Pravega Flink Connector
To facilitate the use with Flink, we provide the Pravega-Flink Connector. The Pravega team also plans to contribute this connector to the Flink community. The connector has the following features:
- Provides the exactly-once semantics for both Readers and Writers to ensure the end-to-end exactly-once for the entire pipeline
- Couples seamlessly with the checkpoints and savepoints of Flink
- Supports concurrent data reading and writing with a high throughput and low latency
- Uses the Table API to unify stream processing and batch processing of Streams
Use in Internet of Vehicles (IoV)
Let’s take connected autonomous vehicles that can generate petabyte-level data as an example. This scenario has the following needs:
- Processes the vehicle and road data in real-time quickly for microscopic prediction and planning for routes.
- Runs machine learning algorithms on long-term driving data for macroscopic prediction and planning for routes. This belongs to the scope of batch processing.
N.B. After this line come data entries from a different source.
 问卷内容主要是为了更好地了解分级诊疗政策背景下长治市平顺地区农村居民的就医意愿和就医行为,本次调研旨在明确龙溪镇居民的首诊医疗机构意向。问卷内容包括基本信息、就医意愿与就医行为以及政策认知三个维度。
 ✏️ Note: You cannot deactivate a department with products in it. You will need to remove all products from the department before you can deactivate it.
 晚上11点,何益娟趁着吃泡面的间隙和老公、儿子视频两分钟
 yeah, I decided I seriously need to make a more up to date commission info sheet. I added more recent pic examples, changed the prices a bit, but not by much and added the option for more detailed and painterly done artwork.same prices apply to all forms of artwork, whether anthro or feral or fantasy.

- Combines real-time and batch processing and uses the machine learning model and real-time data feedback generated by historical data to optimize the detection results.
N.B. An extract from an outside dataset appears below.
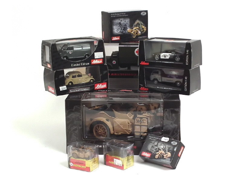 différentes échelles - comprend : AUDI R8, MERCEDES 170 V, L6600 ambulance, DKW fourgon ambulance, TEMPO MATADOR (avec BMW ISETTA) & BMW R75 avec side car - on y joint 4 motos dont 3 avec side-car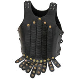 This stunning Faux Leather Armor Jacket offers a predated and historic look.This is finished with utmost care and attention to ensure its alluring shape and elegant design. Hailing from the days of the Roman Empire, the cuirass was an important piece of armor that protected the front of the torso. The Leather Cuirass is reflective of the period and is crafted of leather with care and precision. It is also complimented with brass accents and is fully wearable. A great piece to complete any costume ensemble.

The key indicators that concern customers are:
- How can efficient end-to-end processing be ensured
- How can training time of the machine learning model be minimized
- How can the consumption of saved data and the cost be minimized
Here is a comparison of solutions before and after the introduction of Pravega.
Pravega greatly simplifies the big data architecture:
- As an abstract storage interface, Pravega implements a data lake in the Pravega layer. Batch processing, real-time processing, and full-text search only need data from Pravega. In the first solution, you must save data in Kafka, ElasticSearch, and long-term storage, respectively. Now, data is stored only in Pravega, which greatly reduces the data storage cost for enterprise users.
- Pravega can automatically tier down data without introducing Flume or other components for additional extract-transform-load (ETL) development.
- Components are simplified from Kafka, Flume, HDFS, ElasticSearch, Kibana, Spark, and Spark Streaming to Pravega, Flink, Kibana, and HDFS. This simplification reduces the pressure on the O&M personnel.
- Flink can unify stream processing and batch processing without providing two separate sets of processing code for the same data.
Flink has become a shining star among stream computing engines, but there is still a gap in the streaming storage field. Pravega is designed to fill this gap for the big data architecture. “All problems in the computer field can be solved by adding an extra middle layer.” Essentially, Pravega acts as a decoupling layer between the computing engine and the underlying storage and aims to resolve the challenges for the new generation of big data platforms at the storage layer.